On Thursday 28 January 2010, Stephen Harris wrote: ...
Now occasionally I see something like this in my logs
ata7.01: exception Emask 0x0 SAct 0x0 SErr 0x0 a ction 0x0
...
How do I tell what disk this is complaining about? Is there a way to determine what ata7.01 maps to in terms of /dev/sd# values?
/proc/scsi/scsi doesn't obviously match scsi# numbers to ata# numbers :-(
This seems quite hard to do.

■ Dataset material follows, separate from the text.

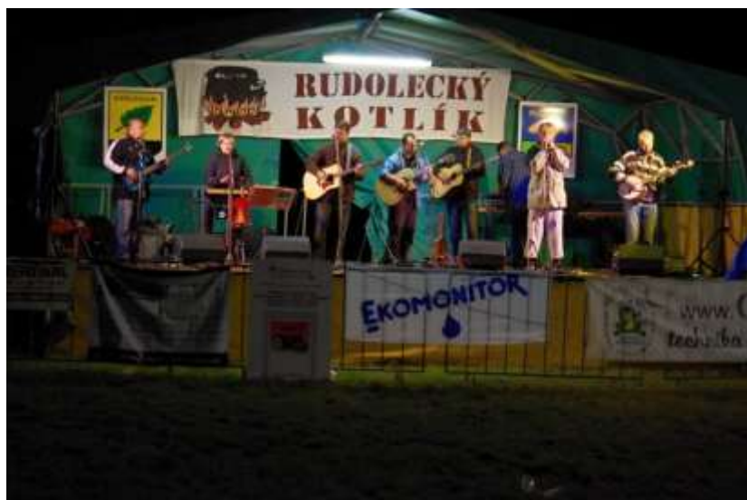
PŘIPOMÍNKA LOŇSKÉHO ROČNÍKU – SKUPINA BANKROT

NÁVRH PLAKÁTU LETOŠNÍHO ROČNÍKU, ZMĚNA VYHRAZENA

The following hack will match scsi hosts to libata-driver + number:
$ for d in $(ls -d /sys/class/scsi_host/host?); do echo "$d $(cat \ $d/proc_name) $(cat $d/unique_id)" ; done /sys/class/scsi_host/host0 ahci 1 /sys/class/scsi_host/host1 ahci 2 /sys/class/scsi_host/host2 ahci 3 /sys/class/scsi_host/host3 ahci 4 /sys/class/scsi_host/host4 ahci 5 /sys/class/scsi_host/host5 ahci 6
This does not get you all the way though, but unless you have several different libata-drivers ahci 1-6 above will match ata1-ata6 (read "dmesg | less"...).
Once you know which scsi-host you're looking for the /dev/sdX name can be had from many sources (like the output of "lsscsi").